• _EXERCISE REQUIREMENTS_:
Set down, exactly and only, everything from the line containing "Cover art by" down to the line containing "商品名:OceanPrincess WHITE TUNA" in the data below; the pictures are not part of the copy.

────────────────

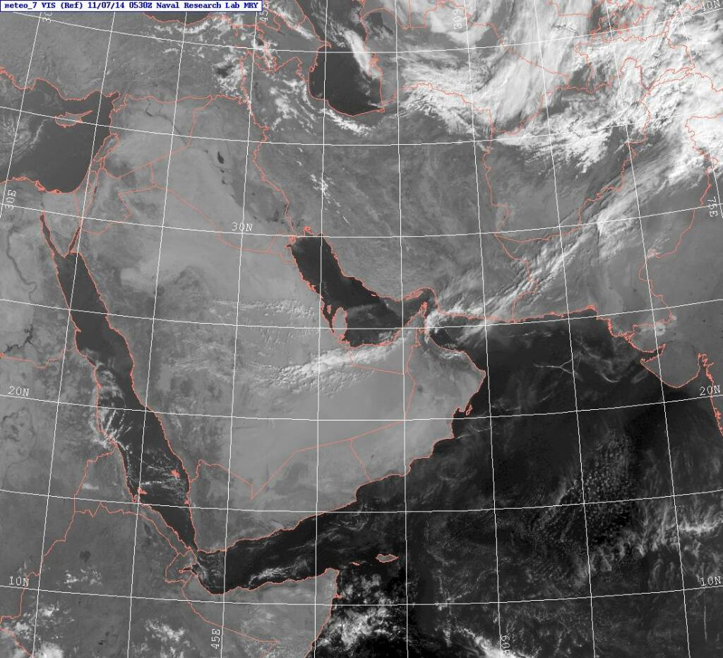 سحب عالية ومتوسطة تتخللها سحب منخفضة شمال #عمان وأجزاء من #الإمارات وشرق #السعودية #قطر
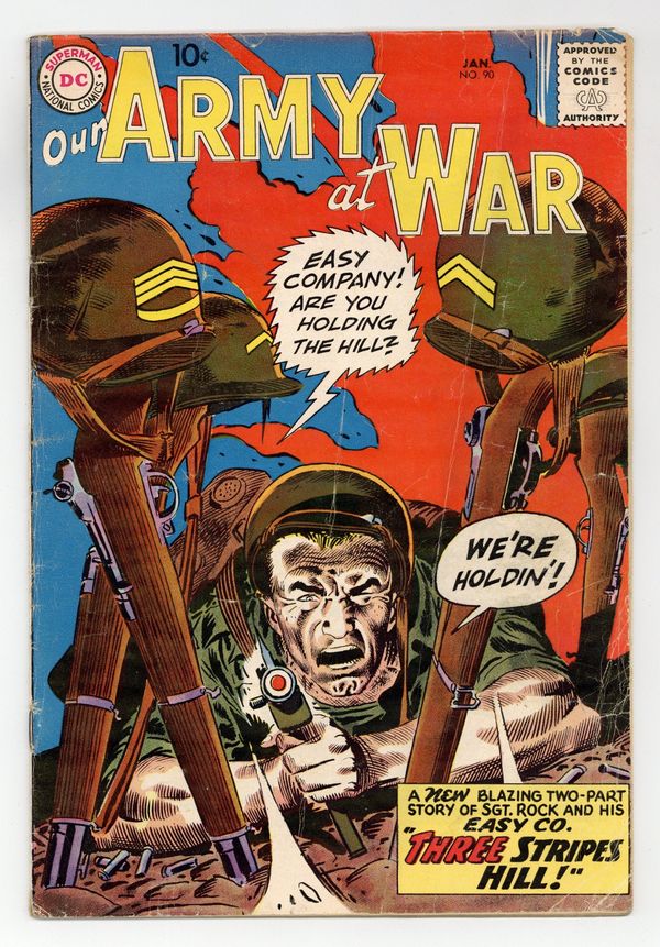 Cover art by Joe Kubert. 3 Stripes Hill! starring Sgt. Rock, script by Bob Kanigher, art by Joe Kubert. A Jet Called Ace, script by Hank Chapman, art by Jerry Grandenetti. Rearguard, script by Bob Haney, pencils by Bob Forgione, inks by Jack Abel. 36 Pages, Full Color. Cover price $0.10.
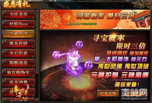 你们是不是纳闷传世君为什么每次都要介绍这个,因为这个真的超值!寻宝概率可是翻倍的极高几率获得星·太初首饰、仙元石、碧落星空,传世灵器·项链碎片、传世灵器·手镯碎片、元神护身特戒以及元神麻痹特戒哦!赶紧点击游戏,参与寻宝吧!
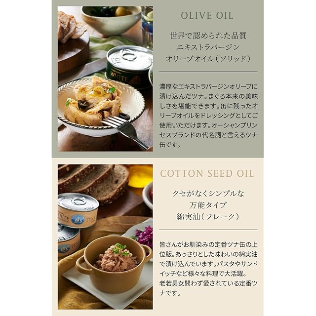 商品名:OceanPrincess WHITE TUNA 贅沢ツナ缶 6缶セット (ギフト/バラエティーツナ) 食べ比べ 高級食材 (国産/常温保存) ツナ 缶詰 詰め合わせ (プレゼント/内祝い/贈り物)
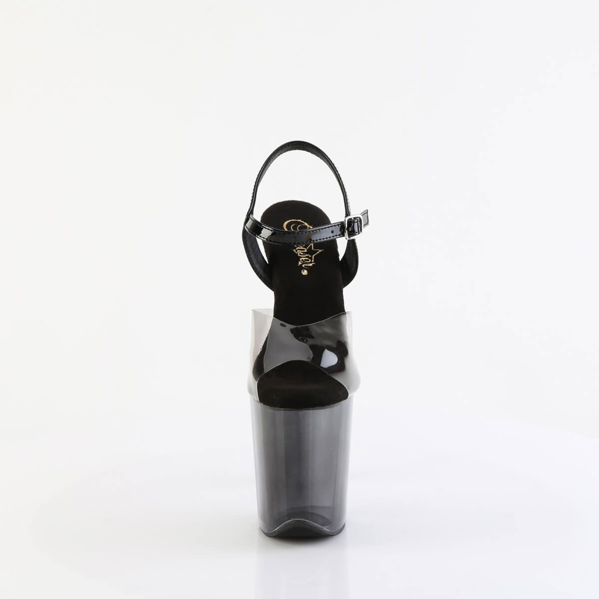 Designul combină o baretă neagră lucioasă cu o platformă și un toc semi-transparent, creând un contrast puternic, perfect pentru lumina scenei sau a reflectoarelor din club. Talpa este adaptată pentru dans, oferind aderență optimă în floorwork, static sau acrobații ușoare. Brățara reglabilă de la gleznă stabilizează piciorul și permite susținere chiar și în rutine complexe.
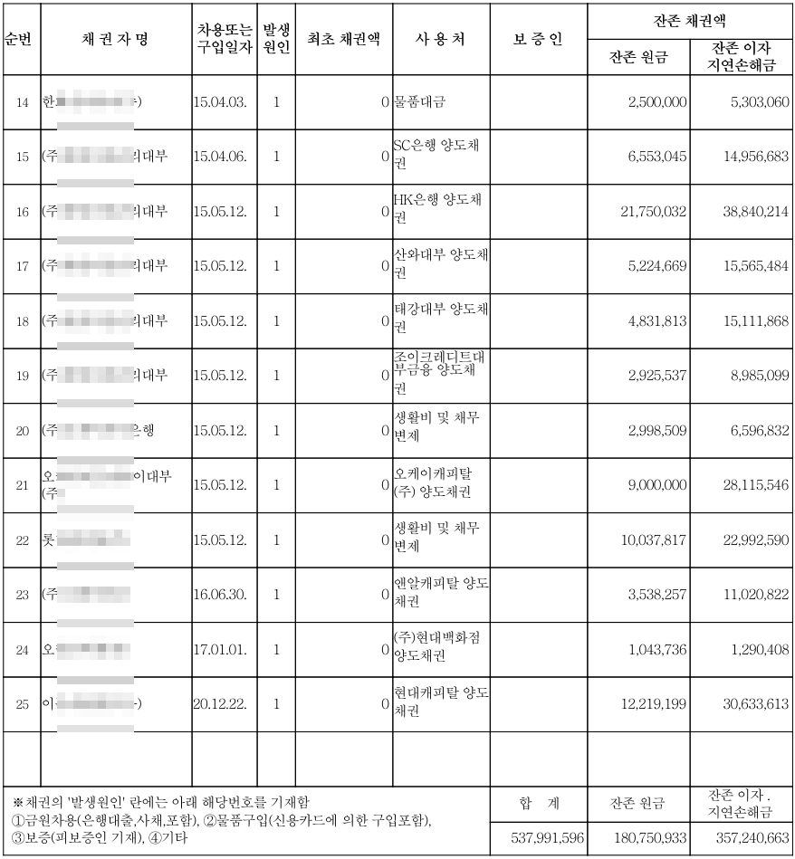 채권현재액 합 계 : 537,991,596 원
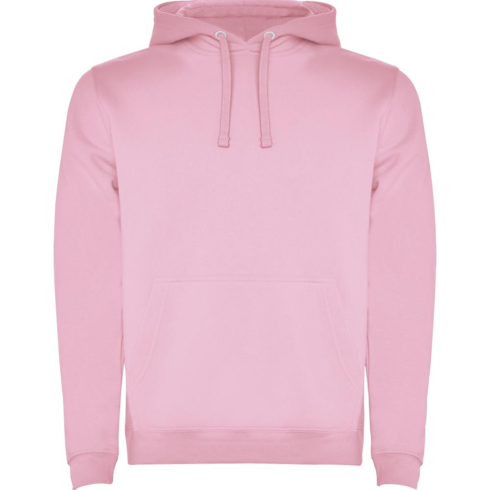 Однотонная или двухцветная толстовка с двухслойным капюшоном, регулируемым шнурком и карманом-кенгуру. Манжеты и нижний край выполнены из эластичной резинки 1x1.
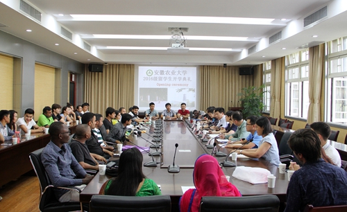 本网讯 9月9日上午9时,我校2016级留学生开学典礼在学校第三会议室隆重举行。副校长姚佐文出席仪式并致辞,国际教育学院全体工作人员、来自世界各地14个国家的留学生新生参加了开学典礼,整个会场座无虚席,气氛热烈。典礼上,副校长姚佐文向留学生新生们表达了诚挚的欢迎,并向留学生介绍了学校的历史发展历程以及在国际交流与合作、国际留学生教育的特色。同时,他希望广大留学生们认真学习汉语,主动融入新环境,融入农大生活。

────────────────

• _EXERCISE OUTPUT_:
 Cover art by Joe Kubert. 3 Stripes Hill! starring Sgt. Rock, script by Bob Kanigher, art by Joe Kubert. A Jet Called Ace, script by Hank Chapman, art by Jerry Grandenetti. Rearguard, script by Bob Haney, pencils by Bob Forgione, inks by Jack Abel. 36 Pages, Full Color. Cover price $0.10.
 你们是不是纳闷传世君为什么每次都要介绍这个,因为这个真的超值!寻宝概率可是翻倍的极高几率获得星·太初首饰、仙元石、碧落星空,传世灵器·项链碎片、传世灵器·手镯碎片、元神护身特戒以及元神麻痹特戒哦!赶紧点击游戏,参与寻宝吧!
 商品名:OceanPrincess WHITE TUNA 贅沢ツナ缶 6缶セット (ギフト/バラエティーツナ) 食べ比べ 高級食材 (国産/常温保存) ツナ 缶詰 詰め合わせ (プレゼント/内祝い/贈り物)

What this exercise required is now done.